- _WORK ORDER_: In the listing below, find the line with "This Spring Lake" and copy every line from there up to and including the line with "PHOTO: This disturbing", exactly and without pictures.

- _SUPPLIED MATERIAL_:

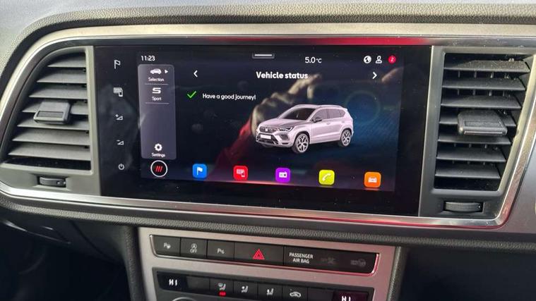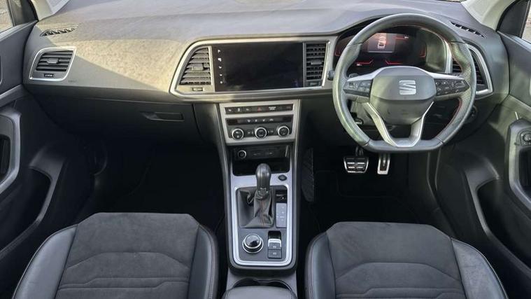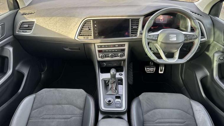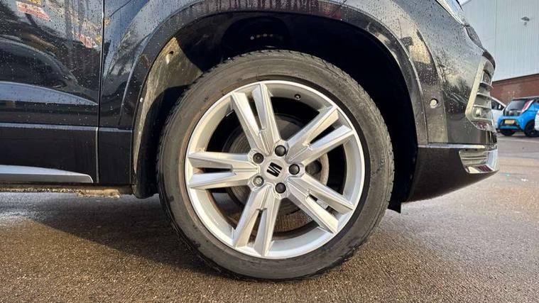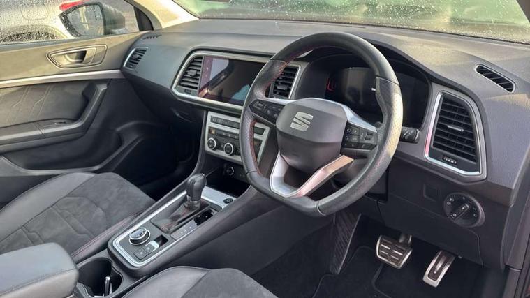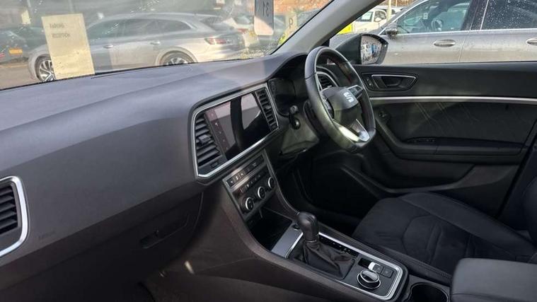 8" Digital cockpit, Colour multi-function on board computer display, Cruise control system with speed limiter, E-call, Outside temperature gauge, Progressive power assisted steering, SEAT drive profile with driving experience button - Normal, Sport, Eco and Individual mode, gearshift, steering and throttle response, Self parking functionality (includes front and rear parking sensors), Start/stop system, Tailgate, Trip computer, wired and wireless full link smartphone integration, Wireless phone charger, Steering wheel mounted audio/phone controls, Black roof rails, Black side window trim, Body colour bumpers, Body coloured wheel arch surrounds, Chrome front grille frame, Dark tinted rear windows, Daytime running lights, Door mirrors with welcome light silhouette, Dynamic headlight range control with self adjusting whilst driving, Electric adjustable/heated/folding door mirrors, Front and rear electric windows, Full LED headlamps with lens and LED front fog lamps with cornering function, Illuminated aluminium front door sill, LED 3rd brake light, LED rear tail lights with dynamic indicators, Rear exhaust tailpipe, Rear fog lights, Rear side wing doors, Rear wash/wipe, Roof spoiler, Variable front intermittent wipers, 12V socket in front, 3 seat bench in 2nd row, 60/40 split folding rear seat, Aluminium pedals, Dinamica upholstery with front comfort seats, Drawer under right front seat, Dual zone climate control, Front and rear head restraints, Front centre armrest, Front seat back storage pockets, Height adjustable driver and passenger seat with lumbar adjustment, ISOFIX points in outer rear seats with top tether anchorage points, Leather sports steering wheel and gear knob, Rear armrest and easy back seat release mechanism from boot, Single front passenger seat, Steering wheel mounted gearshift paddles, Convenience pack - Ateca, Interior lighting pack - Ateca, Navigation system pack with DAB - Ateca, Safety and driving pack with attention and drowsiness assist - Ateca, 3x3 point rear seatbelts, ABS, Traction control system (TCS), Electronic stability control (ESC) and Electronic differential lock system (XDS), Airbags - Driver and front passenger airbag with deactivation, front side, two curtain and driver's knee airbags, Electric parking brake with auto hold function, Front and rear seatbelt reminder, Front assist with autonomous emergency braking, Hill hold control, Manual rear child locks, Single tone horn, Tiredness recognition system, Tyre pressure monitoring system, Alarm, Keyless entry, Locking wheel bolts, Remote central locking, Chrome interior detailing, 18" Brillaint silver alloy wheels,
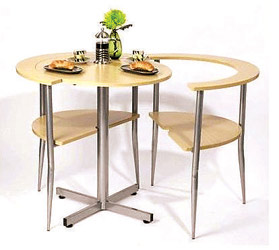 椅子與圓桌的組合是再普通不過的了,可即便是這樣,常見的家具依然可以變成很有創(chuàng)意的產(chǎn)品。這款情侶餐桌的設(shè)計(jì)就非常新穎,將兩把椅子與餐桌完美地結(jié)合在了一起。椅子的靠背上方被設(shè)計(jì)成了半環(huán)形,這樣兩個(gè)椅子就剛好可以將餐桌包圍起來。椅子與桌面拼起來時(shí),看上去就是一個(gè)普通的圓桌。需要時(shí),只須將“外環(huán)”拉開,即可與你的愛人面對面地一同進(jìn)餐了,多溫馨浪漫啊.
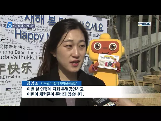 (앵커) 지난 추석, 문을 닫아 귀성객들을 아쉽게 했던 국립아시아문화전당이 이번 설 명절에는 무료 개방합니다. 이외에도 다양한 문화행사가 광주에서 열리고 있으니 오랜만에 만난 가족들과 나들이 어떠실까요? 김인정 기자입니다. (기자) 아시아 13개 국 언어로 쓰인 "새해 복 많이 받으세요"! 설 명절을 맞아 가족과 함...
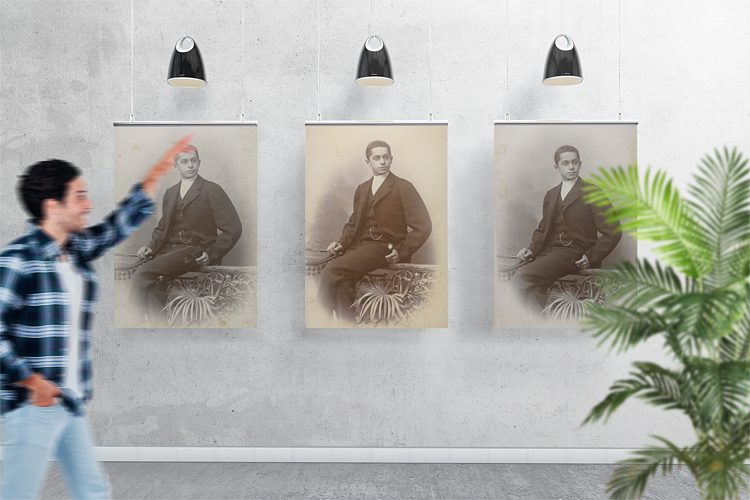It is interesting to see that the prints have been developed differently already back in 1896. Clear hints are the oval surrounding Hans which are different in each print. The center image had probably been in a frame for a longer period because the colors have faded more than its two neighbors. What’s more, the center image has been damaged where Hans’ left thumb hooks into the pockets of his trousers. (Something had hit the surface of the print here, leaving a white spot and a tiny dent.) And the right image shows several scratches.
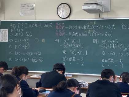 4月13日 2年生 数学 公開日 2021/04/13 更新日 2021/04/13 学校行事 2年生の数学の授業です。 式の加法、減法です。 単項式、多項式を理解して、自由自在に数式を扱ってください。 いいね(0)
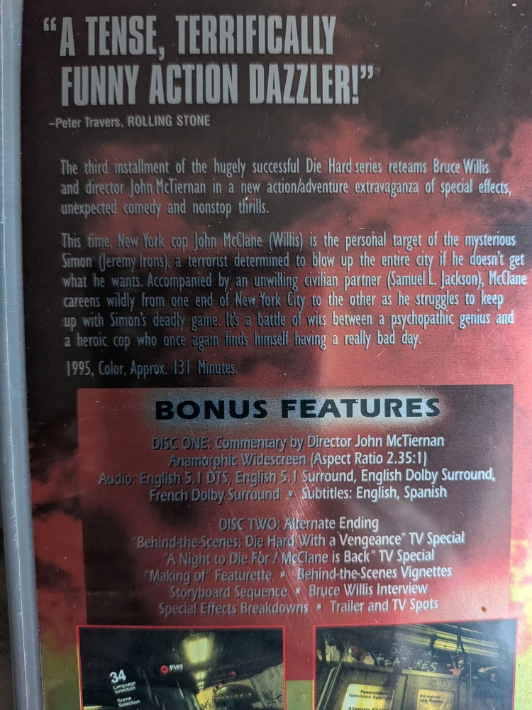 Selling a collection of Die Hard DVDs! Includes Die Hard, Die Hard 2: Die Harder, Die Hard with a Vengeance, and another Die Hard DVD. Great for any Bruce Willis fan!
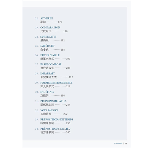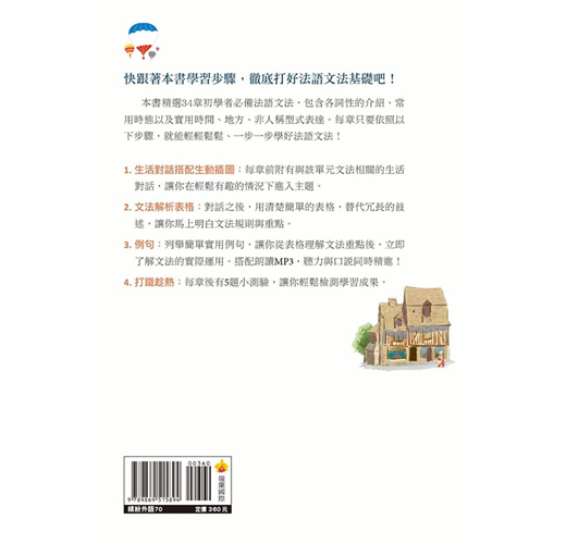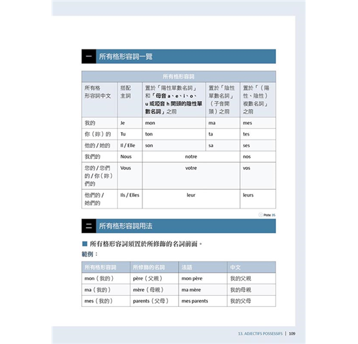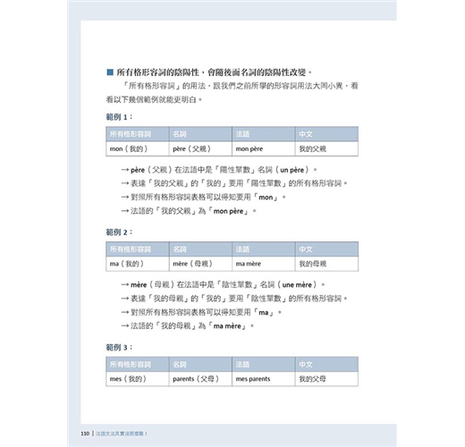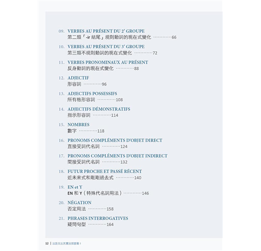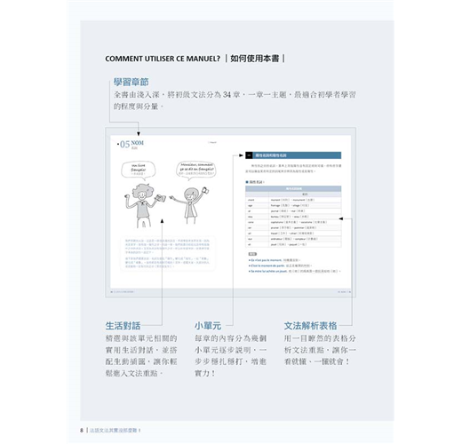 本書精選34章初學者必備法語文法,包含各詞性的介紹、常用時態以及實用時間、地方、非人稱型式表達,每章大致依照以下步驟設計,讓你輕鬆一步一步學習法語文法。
==
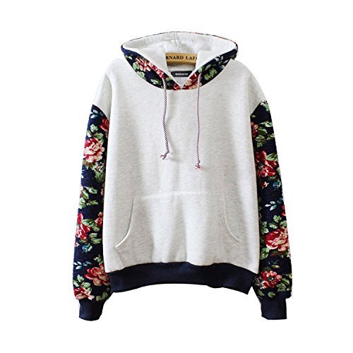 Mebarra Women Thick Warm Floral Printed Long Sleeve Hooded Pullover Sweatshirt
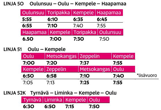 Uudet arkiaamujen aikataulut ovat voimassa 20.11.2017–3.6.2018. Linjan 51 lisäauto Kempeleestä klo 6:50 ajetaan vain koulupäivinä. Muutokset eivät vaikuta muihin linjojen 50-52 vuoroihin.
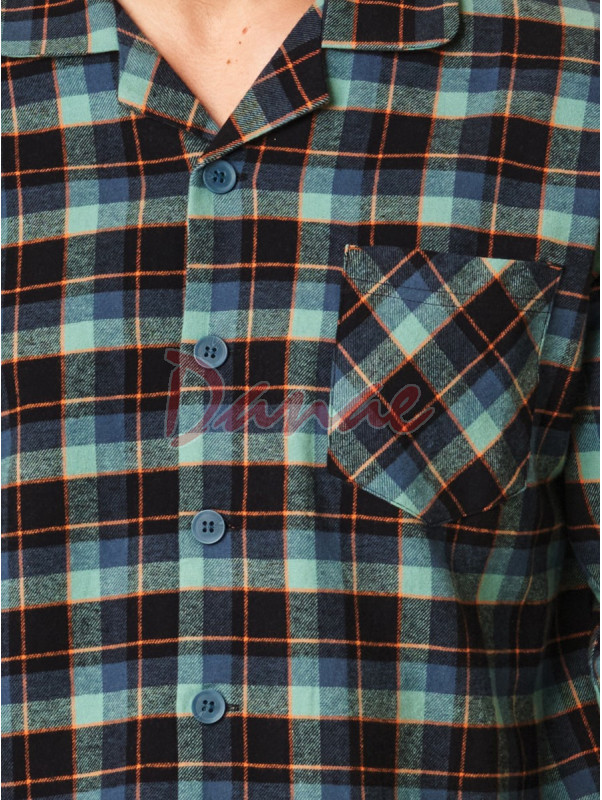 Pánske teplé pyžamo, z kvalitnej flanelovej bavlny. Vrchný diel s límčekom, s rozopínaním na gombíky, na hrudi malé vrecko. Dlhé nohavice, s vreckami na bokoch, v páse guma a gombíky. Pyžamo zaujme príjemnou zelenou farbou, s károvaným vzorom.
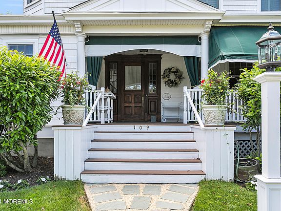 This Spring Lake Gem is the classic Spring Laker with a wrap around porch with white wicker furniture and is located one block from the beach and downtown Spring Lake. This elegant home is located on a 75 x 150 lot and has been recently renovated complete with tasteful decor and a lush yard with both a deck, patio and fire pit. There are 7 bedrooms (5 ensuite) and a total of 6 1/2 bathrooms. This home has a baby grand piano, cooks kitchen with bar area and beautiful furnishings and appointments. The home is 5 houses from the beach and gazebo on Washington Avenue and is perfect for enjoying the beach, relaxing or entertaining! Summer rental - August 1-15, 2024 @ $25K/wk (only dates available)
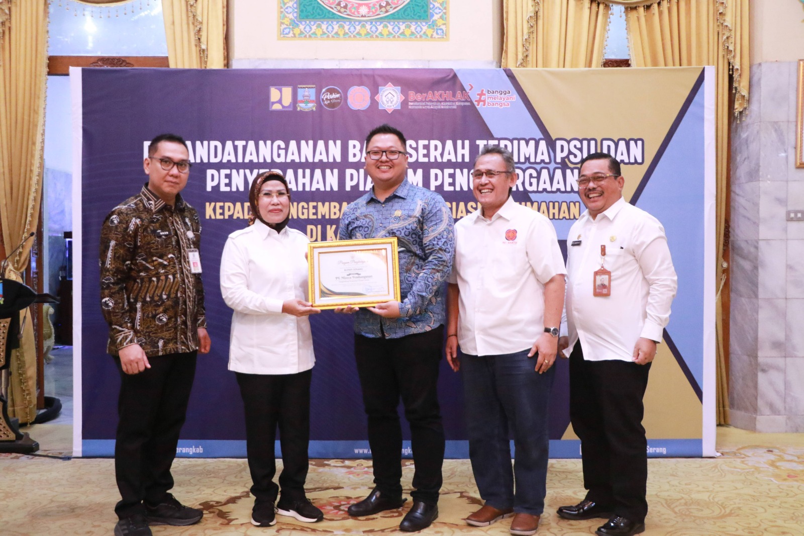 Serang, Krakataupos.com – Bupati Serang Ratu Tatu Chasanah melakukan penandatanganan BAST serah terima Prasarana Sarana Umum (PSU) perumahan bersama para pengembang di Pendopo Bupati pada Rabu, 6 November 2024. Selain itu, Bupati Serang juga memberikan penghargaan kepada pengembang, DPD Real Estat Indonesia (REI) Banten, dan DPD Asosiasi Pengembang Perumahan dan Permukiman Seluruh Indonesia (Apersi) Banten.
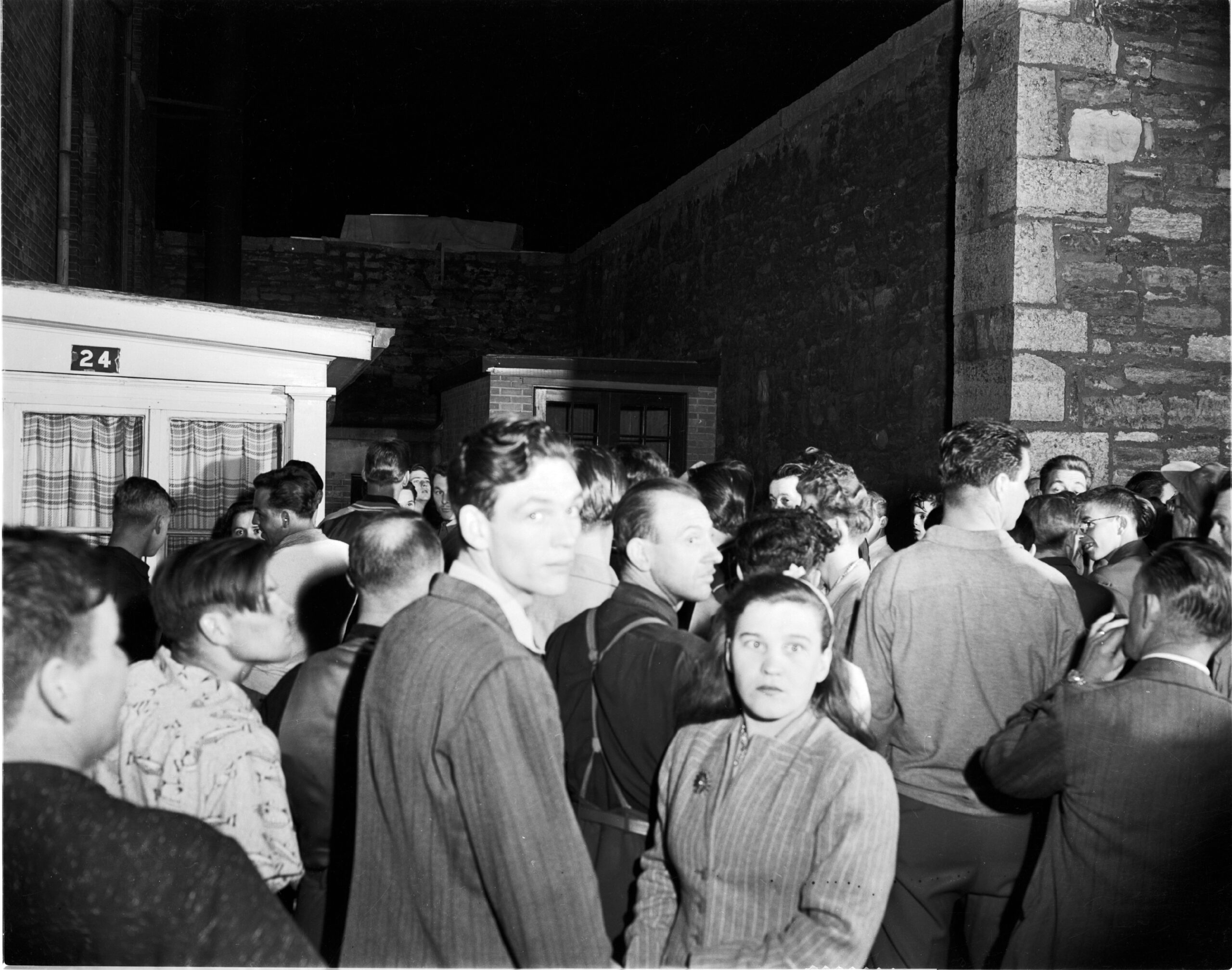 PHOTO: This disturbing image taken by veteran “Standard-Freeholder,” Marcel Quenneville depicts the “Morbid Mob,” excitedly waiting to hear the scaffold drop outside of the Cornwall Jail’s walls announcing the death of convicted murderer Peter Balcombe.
--
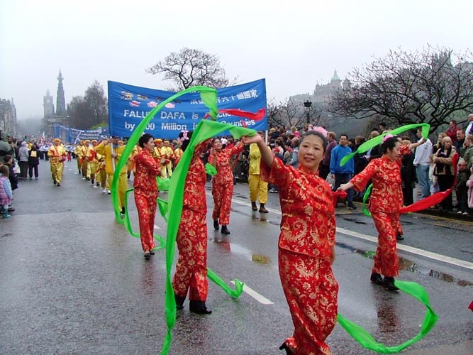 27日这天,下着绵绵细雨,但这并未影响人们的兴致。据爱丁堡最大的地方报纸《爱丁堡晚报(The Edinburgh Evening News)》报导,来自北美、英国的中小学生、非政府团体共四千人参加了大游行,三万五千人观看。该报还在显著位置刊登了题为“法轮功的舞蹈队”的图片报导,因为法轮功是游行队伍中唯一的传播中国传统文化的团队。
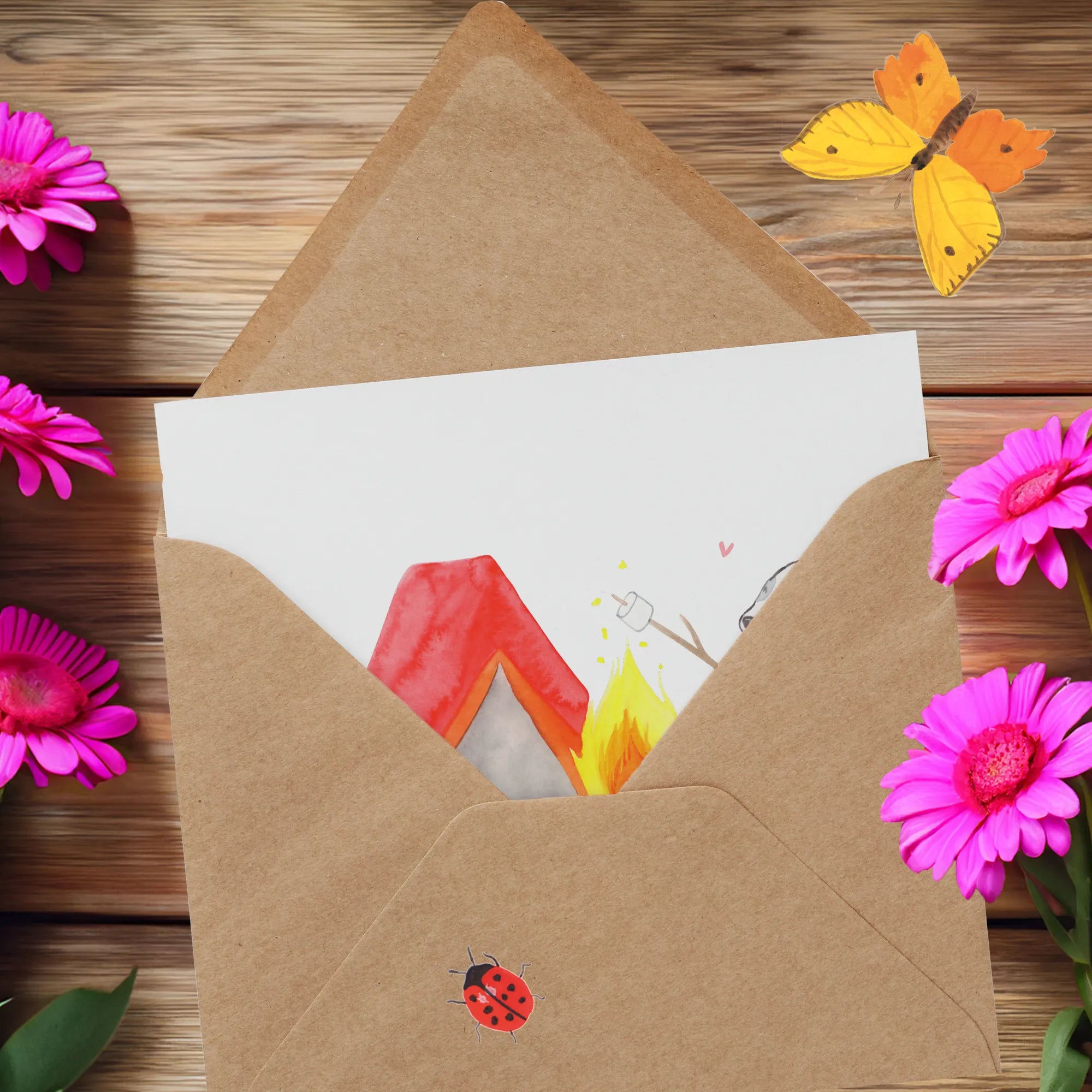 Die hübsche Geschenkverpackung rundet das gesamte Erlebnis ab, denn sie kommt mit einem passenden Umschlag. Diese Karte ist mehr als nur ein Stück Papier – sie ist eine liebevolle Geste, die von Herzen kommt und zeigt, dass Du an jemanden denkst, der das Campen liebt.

- _SOLUTION TO THIS EXERCISE_:
 This Spring Lake Gem is the classic Spring Laker with a wrap around porch with white wicker furniture and is located one block from the beach and downtown Spring Lake. This elegant home is located on a 75 x 150 lot and has been recently renovated complete with tasteful decor and a lush yard with both a deck, patio and fire pit. There are 7 bedrooms (5 ensuite) and a total of 6 1/2 bathrooms. This home has a baby grand piano, cooks kitchen with bar area and beautiful furnishings and appointments. The home is 5 houses from the beach and gazebo on Washington Avenue and is perfect for enjoying the beach, relaxing or entertaining! Summer rental - August 1-15, 2024 @ $25K/wk (only dates available)
 Serang, Krakataupos.com – Bupati Serang Ratu Tatu Chasanah melakukan penandatanganan BAST serah terima Prasarana Sarana Umum (PSU) perumahan bersama para pengembang di Pendopo Bupati pada Rabu, 6 November 2024. Selain itu, Bupati Serang juga memberikan penghargaan kepada pengembang, DPD Real Estat Indonesia (REI) Banten, dan DPD Asosiasi Pengembang Perumahan dan Permukiman Seluruh Indonesia (Apersi) Banten.
 PHOTO: This disturbing image taken by veteran “Standard-Freeholder,” Marcel Quenneville depicts the “Morbid Mob,” excitedly waiting to hear the scaffold drop outside of the Cornwall Jail’s walls announcing the death of convicted murderer Peter Balcombe.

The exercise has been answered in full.